The military’s distancing from the idea of using active duty forces to quell the domestic unrest undercuts White House messaging that the president wants to keep the option on the table — and the fact that 1,600 active duty troops were rushed to the DC region earlier this week. Dubbed “Task Force 504,” the relocated forces include the 16th Military Police Brigade headquarters from Fort Bragg, North Carolina, and the 91st Military Police Battalion from Fort Drum, New York.
Esper has faced questions over his silence in the wake of the nation-wide protests objecting to police violence and systemic racism, even as some of his subordinates began speaking out. He used Wednesday’s press conference to state outright that “the killing of George Floyd by a Minneapolis policeman is a horrible crime.”
Esper further drew a line between the Pentagon and many conservative voices calling on Trump to flood the streets of Washington with active duty troops. “The option to use active-duty forces in a law enforcement role should only be used as a matter of last resort,” Esper said, “and only in the most urgent and dire situations. We are not in one of those situations right now.”
Esper was challenged on a number of issues relating to the president’s surprise photo-op in front of St. John’s Church, one block from the White House, with most of his Cabinet, including Esper and Chairman of the Joint Chiefs Gen. Mark Milley, in tow.
Esper and Milley’s presence at such an overtly political event drew fire from civilians and several recently retired generals, compounding the harsh criticism that followed remarks Esper made earlier in the day comparing US cities to a battlefield.
Esper explained that he tries to stay out of events that “appear political,” in keeping with the apolitical tradition of the US military that leaders hold dear. But he conceded today that “sometimes I’m successful at doing that and sometimes I’m not as successful.”
Perhaps the sharpest reaction to Esper’s appearance at the Church of the Presidents came from former defense policy undersecretary Jim Miller, who took to the pages of the Washington Post to tender his resignation from the Defense Science Board:
“When I joined the Board in early 2014, after leaving government service as Under Secretary of Defense for Policy, I again swore an oath of office, one familiar to you, that includes the commitment to “support and defend the Constitution of the United States . . . and to bear true faith and allegiance to the same.”
“You recited that same oath on July 23, 2019, when you were sworn in as Secretary of Defense. On Monday, June 1, 2020, I believe that you violated that oath.”

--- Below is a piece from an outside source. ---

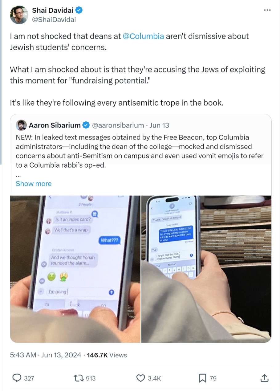 The House Committee on Education and the Workforce published some of the messages last week. The text messages, which include numerous offensive messages that had not previously been reported, show senior Columbia College administrators mocking and disparaging the university’s Jewish community, and trafficking in antisemitic tropes regarding Jews and money. The texts accused Jewish students of coming from a “place of privilege,” dismissed their concerns, disparaged officials responsible for Jewish student life, and insinuated that efforts to address the explosion of antisemitism on Columbia’s campus were merely a fundraising ploy.

Miller ended his letter with this sobering quote: “The sanctity of the U.S. Constitution, and the lives of Americans, may depend on your choices.”
Esper also claimed ignorance over the violent clearing of peaceful protesters in the president’s path minutes before striding out of the White House, and for the staged pictures in front of the church in which Trump brandished a Bible.
“I did know we were going to the church,” Esper said. “I did not know a photo op was happening. … I do everything I can to try to stay apolitical and to try and stay out of situations that may appear political.”
That contradicted comments Esper made to NBC News just the night before, where he said “I didn’t know where I was going,” be he “wanted to see how much damage actually happened” to Lafayette Park.
Former NSA and CIA director Mike Hayden said on CNN this afternoon that Esper should resign. He also criticized Milley with Trump wearing his combat uniform.
For the moment, Esper appears to have the reigns at the Pentagon, even as word started to spread Wednesday afternoon that the White House was unhappy with his performance in the NBC interview and at the podium. White House spokesperson Kayleigh McEnany offered tepid support for the SecDef when asked at a mid-afternoon press briefing, confirming “as of right now Secretary Esper is still Secretary Esper.” (D.N.).